No WP BRP 65/FE/2018, HSE Working papers from National Research University Higher School of Economics

Abstract: In recent years the Russian banking system has witnessed numerous bank license withdrawals. Many of the failed banks had significant volumes of retail deposits in their liabilities, thus, transmitting the default burden to the Deposit Insurance Agency and ultimately to the taxpayers. In their attempt to stay in the market banks may try to attract the depositor funds even more intensively when the failure is not far away. The main assumption of this paper is that banks raise additional funds through inflated deposit interest rates – the overstatement strategy – before leaving the market. We use unique data on Russian bank deposit interest rates for deposits of different maturities in 2015–2016 combined with data about bank fundamentals coming from their financial statements. The results suggest that if a bank offers too generous interest rates for deposits for 180-365 days this can be a signal of a significantly higher probability of license withdrawal in 3 quarters.
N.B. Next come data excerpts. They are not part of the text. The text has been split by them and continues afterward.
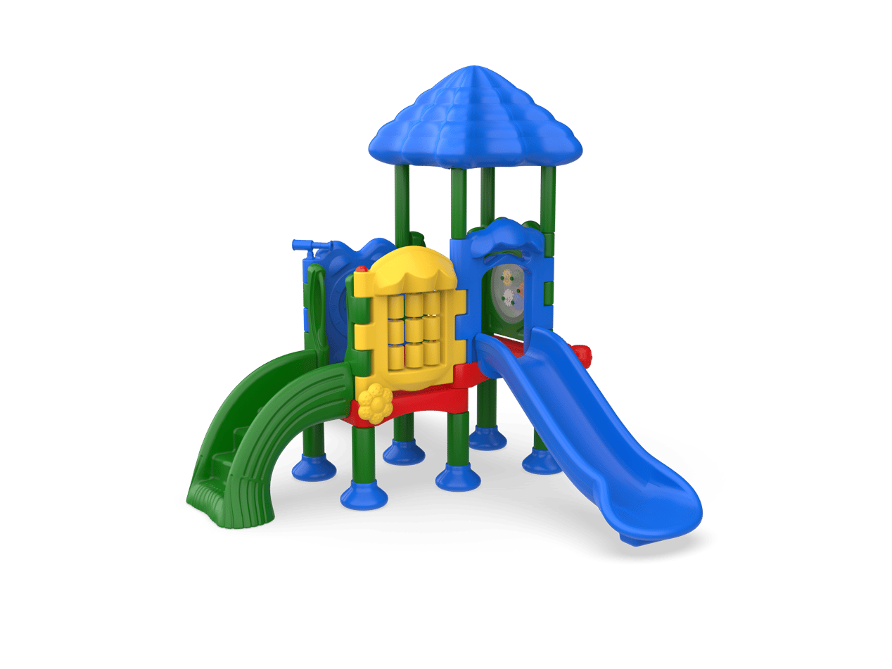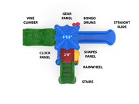The Discovery Ridge offers maximum play value packed into a compact design that can easily fit into your play space. The two-deck structure is designed with a variety of developmental and educational activities that encourage children to learn, grow, and lead healthy lifestyles. This structure provides music and movement opportunities as children play the rain wheel and bongo drums, encouraging self-expression. The roof also offers comfortable shade and visual appeal with the leafy canopy underside. From inside the structure, children can move the hands on the clock panel promoting fine motor development!
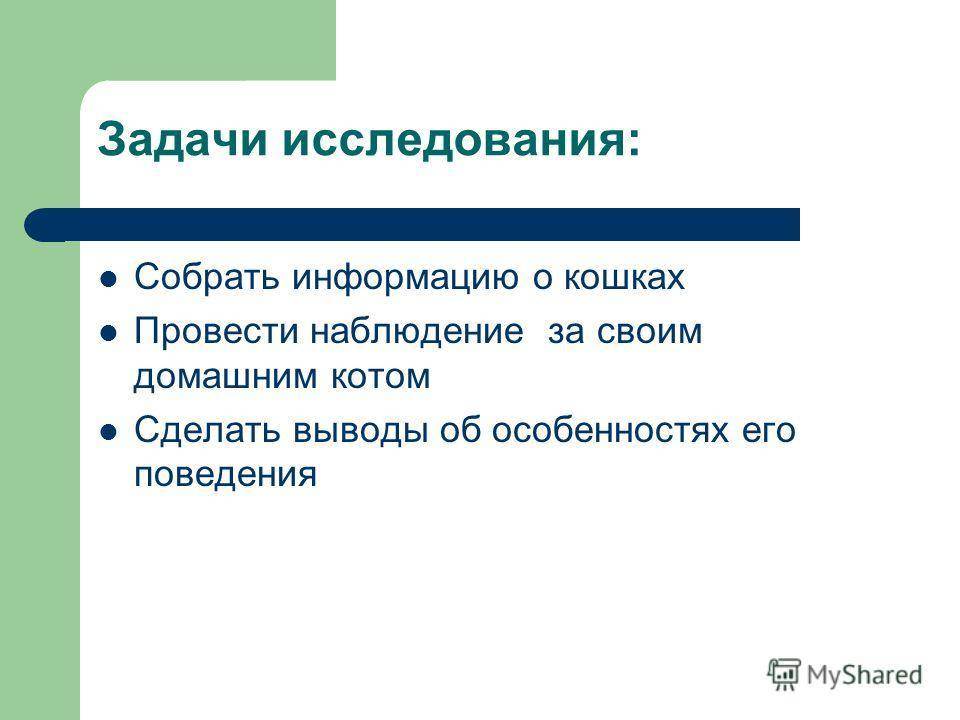 Задачи исследования: Собрать информацию о кошках Провести наблюдение за своим домашним котом Сделать выводы об особенностях его поведения
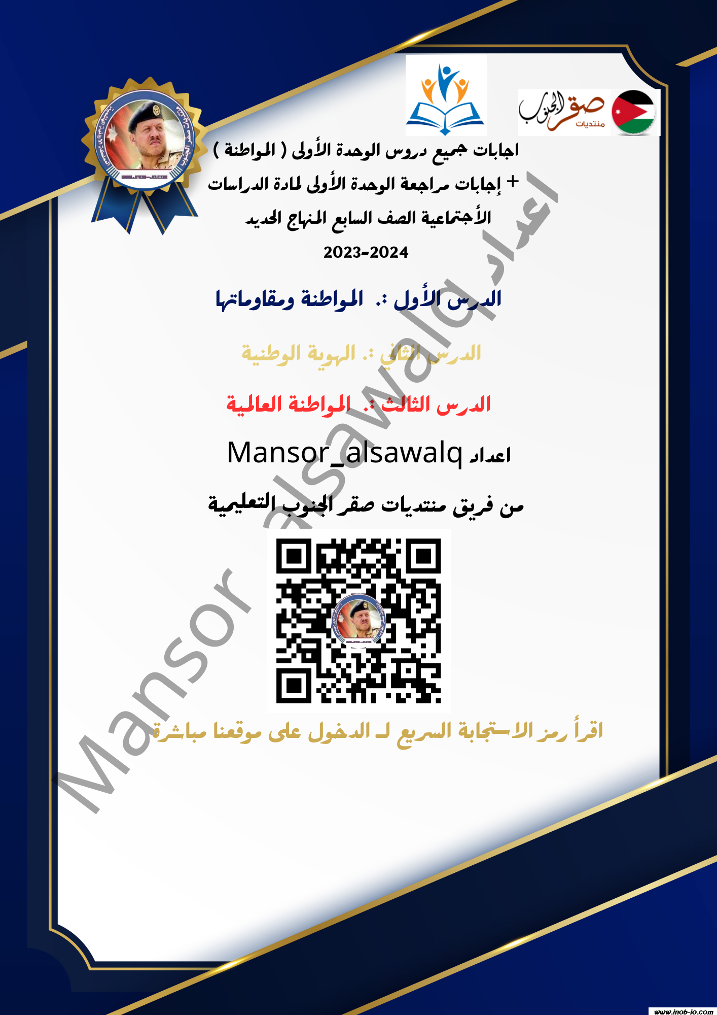 اجابات جميع دروس الوحدة الأولى ( المواطنة ) + إجابات مراجعة الوحدة الأولى لمادة الدراسات الأجتماعية الصف السابع المنهاج الجديد 2023-2024
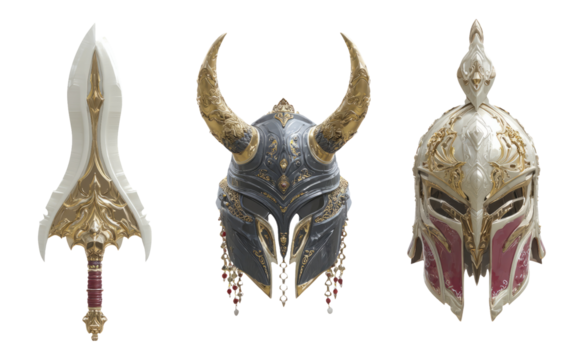 Decorative Armor Set with Elaborate Helmets and Sword Isolated
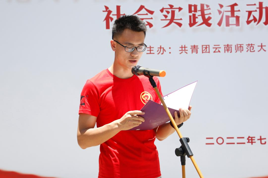 校党委副书记李宏在启动仪式上讲话,代表学校向即将出征的师生们致以亲切的问候和祝愿。他指出,本次暑期“三下乡”社会实践活动是深入贯彻落实习近平总书记在庆祝中国共产主义青年团成立100周年大会上的重要讲话精神和考察云南重要讲话精神的具体体现,是以实际行动迎接党的二十大胜利召开的具体举措,是引导和帮助我校青年大学生将理论与实践相结合的“大思政课”,是社会大课堂中“受教育、长才干、作贡献”的青春历练。他对参加实践活动的同学们提出四点希望:一是牢记习近平总书记的嘱托,坚定理想信念,抓住此次“三下乡”社会实践活动的宝贵机会,苦练本领、锐意创新,艰苦奋斗、担当奉献,争取在青春的赛道上跑出当代青年的最好成绩;二是聚焦国家发展战略,紧扣云南高质量跨越式发展需求,用脚步丈量祖国大地,用眼睛发现中国精神,用耳朵倾听人民呼声,用内心感应时代脉搏,为谱写好中国梦的云南篇章贡献青春力量;三是在社会实践活动中不怕吃苦、热情服务、虚心学习,认真开展调查研究,切实为当地做实事、做好事,为群众排忧解难;四是严守纪律、安全第一,确保自身生命财产安全,切实做好疫情防护,注意防范自然灾害,与学校和老师保持密切联系,高高兴兴实践去,平平安安回校来,圆满完成暑期社会实践活动。
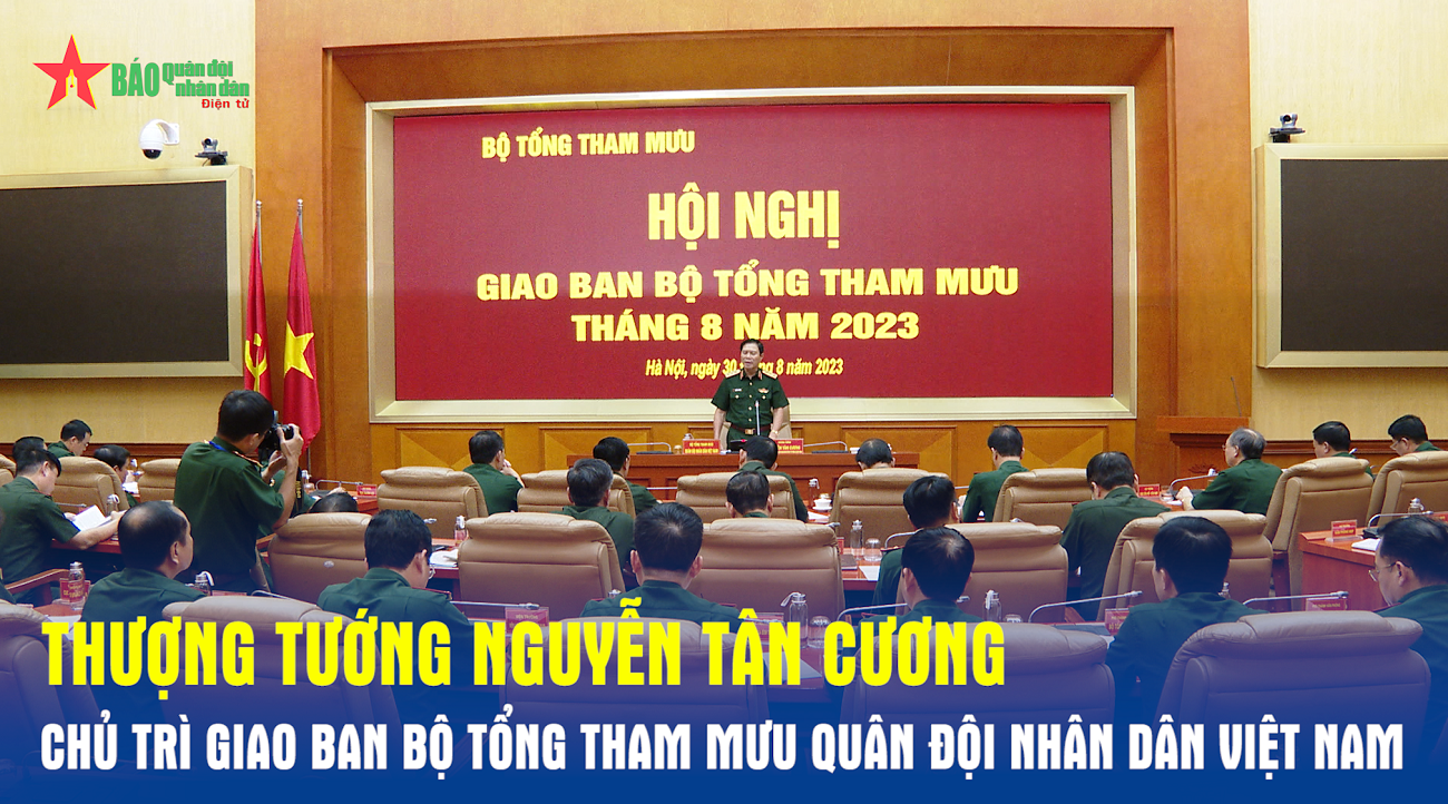 Chiều 30-8, tại Hà Nội, Thượng tướng Nguyễn Tân Cương, Ủy viên Trung ương Đảng, Ủy viên Thường vụ Quân ủy Trung ương, Tổng Tham mưu trưởng QĐND Việt Nam, Thứ trưởng Bộ Quốc phòng chủ trì Hội nghị giao ban Bộ Tổng Tham mưu Quân đội nhân dân Việt Nam tháng 8-2023.
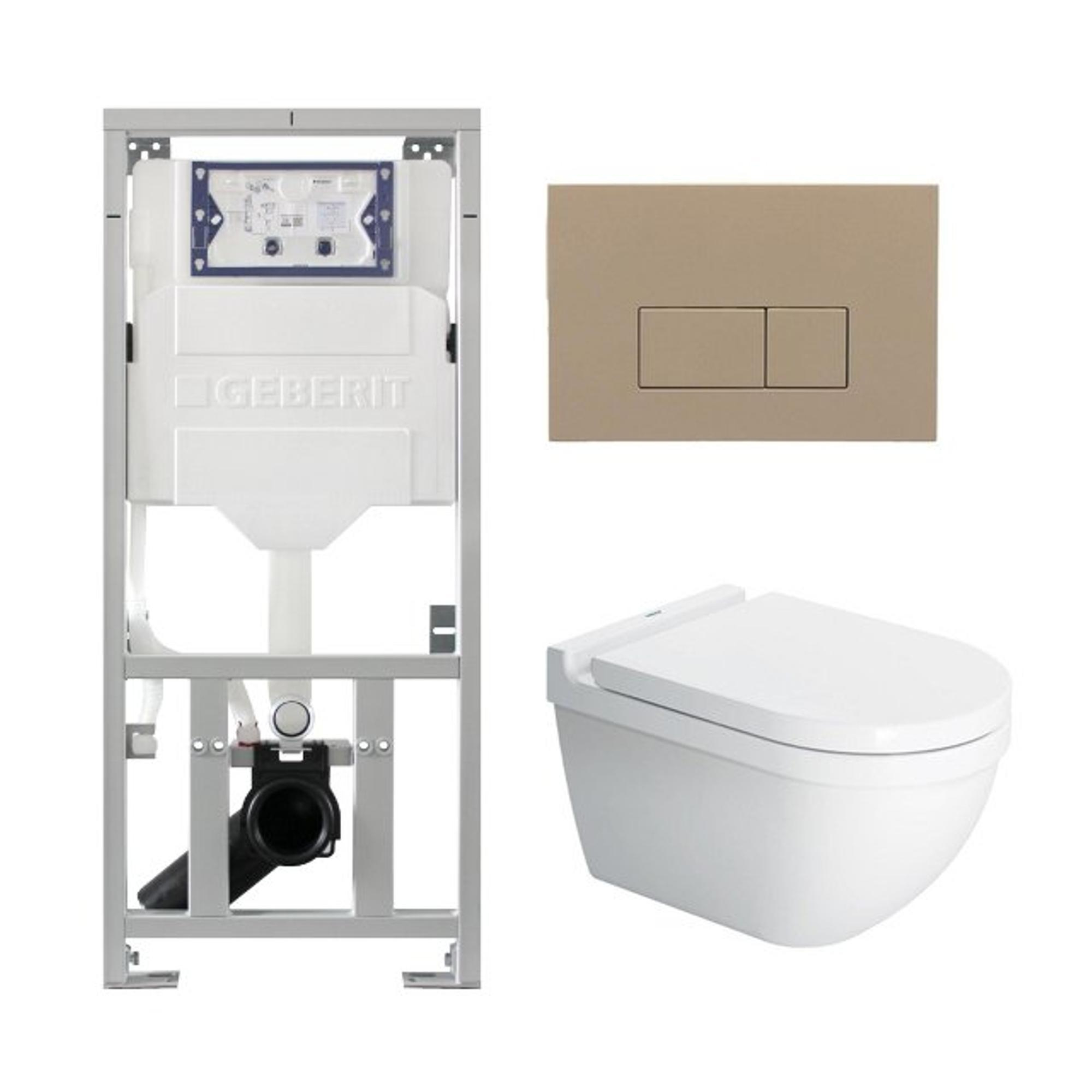 Pack WC Duravit Starck 3 - réservoir encastré Geberit - abattant Saniclass softclose - plaque de commande QeramiQ avec boutons rectangulaires taupe - blanc
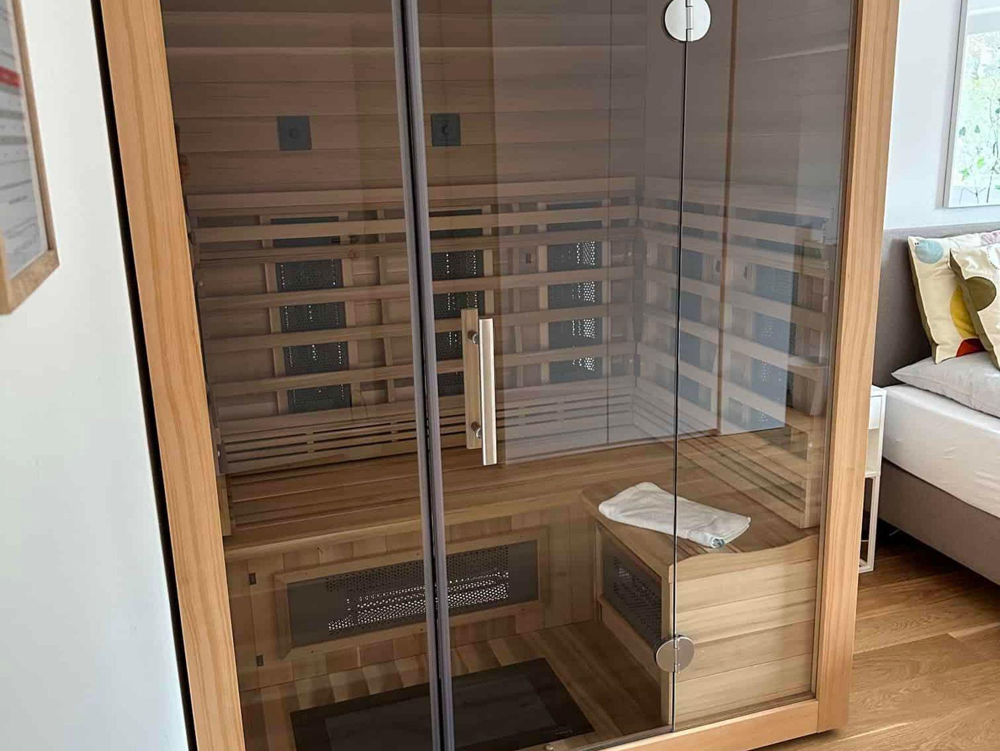 Im hellen Flur erwartet Sie unser Willkommensgeschenk mit nachhaltigen Produkten. Von hier aus gelangen Sie in das Elternschlafzimmer mit Boxspringbett mit durchgehender Matratze,NEU: Infrarotsaunakabine, Home-Office-Arbeitsplatz und optionalem Babybett, das Kinderzimmer für zwei Kinder mit vielen Spielmöglichkeiten und einem optionalen Zusatzzimmer mit breitem Bett für eine weitere Person. Die Kinderzimmer sind mit Verdunklungsplissees und das Elternschlafzimmer mit Verdunklungsvorhängen ausgestattet. Hinter der voll ausgestatteten Einbauküche mit Spülmaschine, Mikrowelle, Backofen und Senseo Kaffeemaschine befinden sich der Hauswirtschaftsraum mit Waschamschine und Trockner.

In their attempt to urgently attract funds when moving closer to default banks assign the highest rates for the longest-term deposits, with the maturity over one year. The interest rates higher than the market average dramatically increase the probability of a bank failure in 2 quarters.

Keywords: Bank failure; Deposit interest rates; Market discipline; Personal deposits; Russia (search for similar items in EconPapers)
JEL-codes: G21 G01 P2 (search for similar items in EconPapers)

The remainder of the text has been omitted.